## EXERCISE PROMPT
Repeat exactly the lines of the records below, starting at the line containing "и если пошли" and ending at the line containing "Dieses rustikale Design". Leave the pictures out.

(Stored records)
————
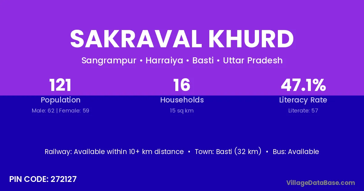 Basti (32 km) is the nearest town to Sakraval Khurd village for major economic activities and is located approximately 32 km away.
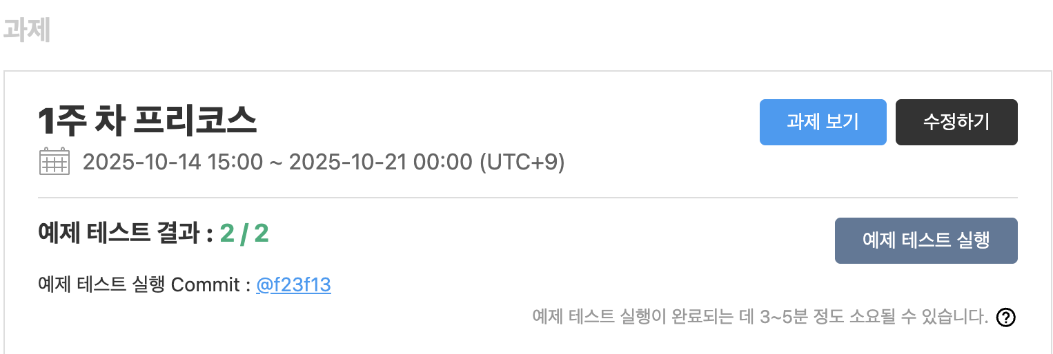 | 우아한 테크코스[프리코스] 최종 코딩 테스트 회고록 (1) | 2026.01.23 |
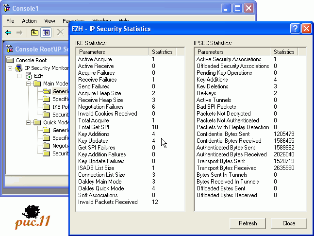 и если пошли строчки Negotiating IP Security, то значит, системы выбирают общие типы шифрования. Если строки Negotiating IP Security не прекращаются, то вы что-то не так сделали. Обратите внимание на параметр pfs - на компьютерах, устанавливающих связь, он должен иметь одинаковые значения и т.д. - смотрите логи, разбирайтесь. Если же все заработало, то компьютеры видят друг друга идеально. Вы можете убедиться, что IPSEC действительно заработал, используя оснастку IP Security Monitor в WinXP, как это показано на рис.11. или утилиту ipsecmon.exe в win2k, или что-либо еще на ваш выбор (например, Network Monitor).
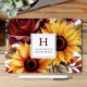 Dieses rustikale Design besticht durch einen blumengeschmückten Blumenstrauß in Aquarelltönen und eine bordeauxfarbene Rose. Passen Sie es an mit dem Monogramm-Initial und dem Namen in bordeauxfarbenem Serif-Schriftart, gerahmt von einem weißen Quadrat.
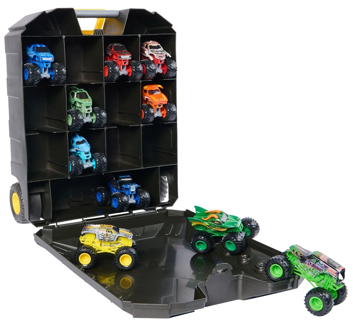 This awesome Pit Party & Go storage case comes with 10 fan favorite Monster Jam Trucks and fits up to 15 of your favorite 1:64 scale Monster Jam trucks! There’s also a large space at the bottom that can hold 3 trucks. With an extendable handle and rolling wheels, this sturdy case is ready for epic Monster Jam action, anywhere! The Monster Jam Carrying Case is a great gift for kids aged 3 and up. Load your favorite 1:64 scale Monster Jam trucks inside and take them anywhere with the Carrying Case! Includes: (1) Carrying Case, (10) 1:64 Scale Monster Jam Trucks: (1) Grave Digger, (1) Son Uva Digger, (1) Megalodon, (1) Dragon, (1) El Toro Loco, (1) Zombie, (1) Max D, (1) Soldier Fortune, (1) Northern Nightmare, (1) Blue Thunder.
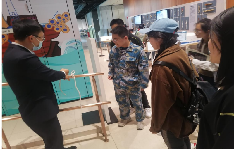 王老师还为项目成员展示了博物馆以科普为目的设计的多种资源。水手绳结,是千年航海文化的重要载体,兼具实用性与艺术性,这项水手必备技能的讲解和示范是科普课程引入的极佳选择。“中海博”联合周边高校组成旗语队,融合展板介绍与亲身体验,增加科普活动的趣味性。除此以外,王老师还展示了辅助科普活动的航海徽章、船舶模型、粘土玩具和知识读本。这一方面为成员们的线下宣讲提供丰富的物料支持,另一方面也启示同学们重视课程的吸引力和互动效果。
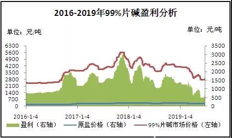 圖4 2016-2019年國內(nèi)99%片堿盈利分析
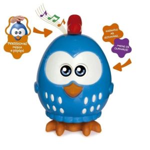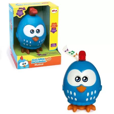 - Na sua crista, ao apertar, a Galinha Pintadinha Mini toca uma música e também faz pópópó para seu bebê aprender a cantar junto com ela.
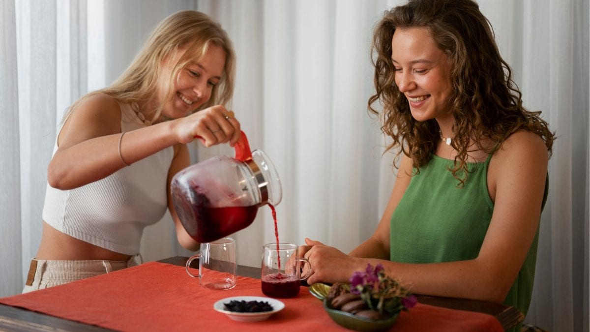 Ženy si nalievajú čaj z bazy čiernej
————
## REPLY
 и если пошли строчки Negotiating IP Security, то значит, системы выбирают общие типы шифрования. Если строки Negotiating IP Security не прекращаются, то вы что-то не так сделали. Обратите внимание на параметр pfs - на компьютерах, устанавливающих связь, он должен иметь одинаковые значения и т.д. - смотрите логи, разбирайтесь. Если же все заработало, то компьютеры видят друг друга идеально. Вы можете убедиться, что IPSEC действительно заработал, используя оснастку IP Security Monitor в WinXP, как это показано на рис.11. или утилиту ipsecmon.exe в win2k, или что-либо еще на ваш выбор (например, Network Monitor).
 Dieses rustikale Design besticht durch einen blumengeschmückten Blumenstrauß in Aquarelltönen und eine bordeauxfarbene Rose. Passen Sie es an mit dem Monogramm-Initial und dem Namen in bordeauxfarbenem Serif-Schriftart, gerahmt von einem weißen Quadrat.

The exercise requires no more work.